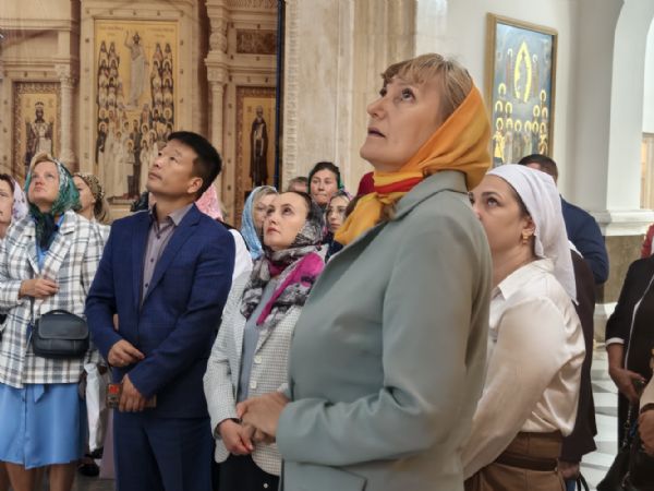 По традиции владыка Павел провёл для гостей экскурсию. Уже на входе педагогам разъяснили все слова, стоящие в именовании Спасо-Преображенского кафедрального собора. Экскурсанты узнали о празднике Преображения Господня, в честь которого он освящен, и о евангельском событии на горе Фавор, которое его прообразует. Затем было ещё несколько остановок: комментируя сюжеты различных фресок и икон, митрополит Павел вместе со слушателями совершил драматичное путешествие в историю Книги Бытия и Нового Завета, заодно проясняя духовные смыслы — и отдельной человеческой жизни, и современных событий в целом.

* * *

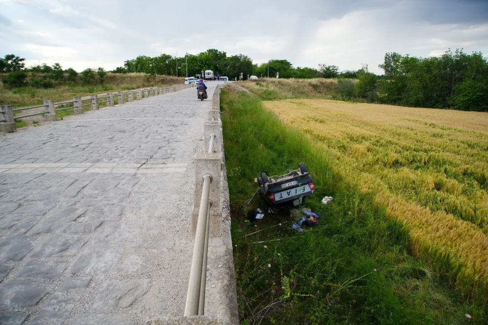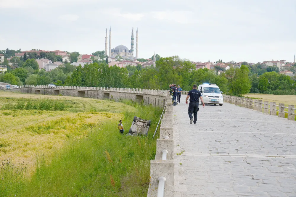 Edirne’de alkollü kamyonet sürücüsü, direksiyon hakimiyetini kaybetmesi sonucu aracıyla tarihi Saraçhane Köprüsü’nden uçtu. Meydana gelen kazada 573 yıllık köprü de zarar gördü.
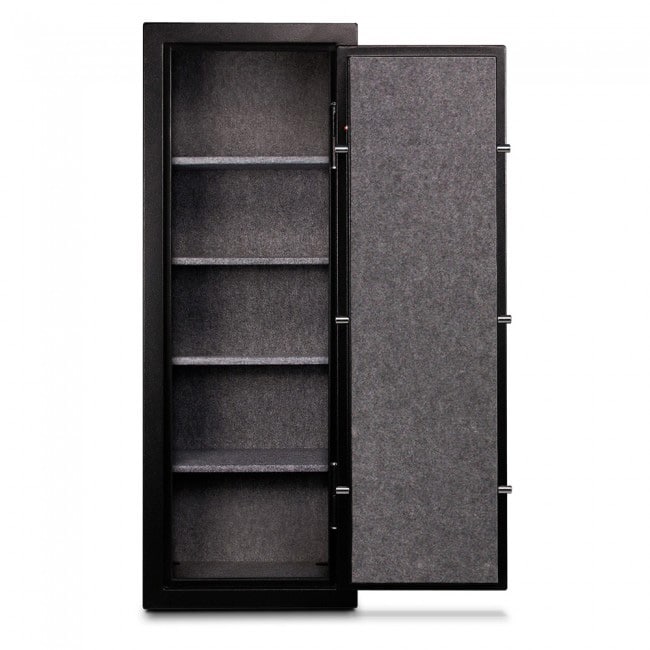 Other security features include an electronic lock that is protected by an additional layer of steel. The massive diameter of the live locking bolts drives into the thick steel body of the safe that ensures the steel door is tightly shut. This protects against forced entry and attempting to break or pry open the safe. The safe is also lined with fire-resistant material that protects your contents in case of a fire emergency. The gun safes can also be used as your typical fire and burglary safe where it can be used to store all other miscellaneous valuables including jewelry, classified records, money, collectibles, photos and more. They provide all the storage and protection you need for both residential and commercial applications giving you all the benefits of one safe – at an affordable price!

TASK - Copy the lines above exactly, starting with the line that contains "Edirne’de alkollü kamyonet" and ending with the line that contains "Other security features", and leave out any pictures.

ANSWER FOR THE TASK -
 Edirne’de alkollü kamyonet sürücüsü, direksiyon hakimiyetini kaybetmesi sonucu aracıyla tarihi Saraçhane Köprüsü’nden uçtu. Meydana gelen kazada 573 yıllık köprü de zarar gördü.
 Other security features include an electronic lock that is protected by an additional layer of steel. The massive diameter of the live locking bolts drives into the thick steel body of the safe that ensures the steel door is tightly shut. This protects against forced entry and attempting to break or pry open the safe. The safe is also lined with fire-resistant material that protects your contents in case of a fire emergency. The gun safes can also be used as your typical fire and burglary safe where it can be used to store all other miscellaneous valuables including jewelry, classified records, money, collectibles, photos and more. They provide all the storage and protection you need for both residential and commercial applications giving you all the benefits of one safe – at an affordable price!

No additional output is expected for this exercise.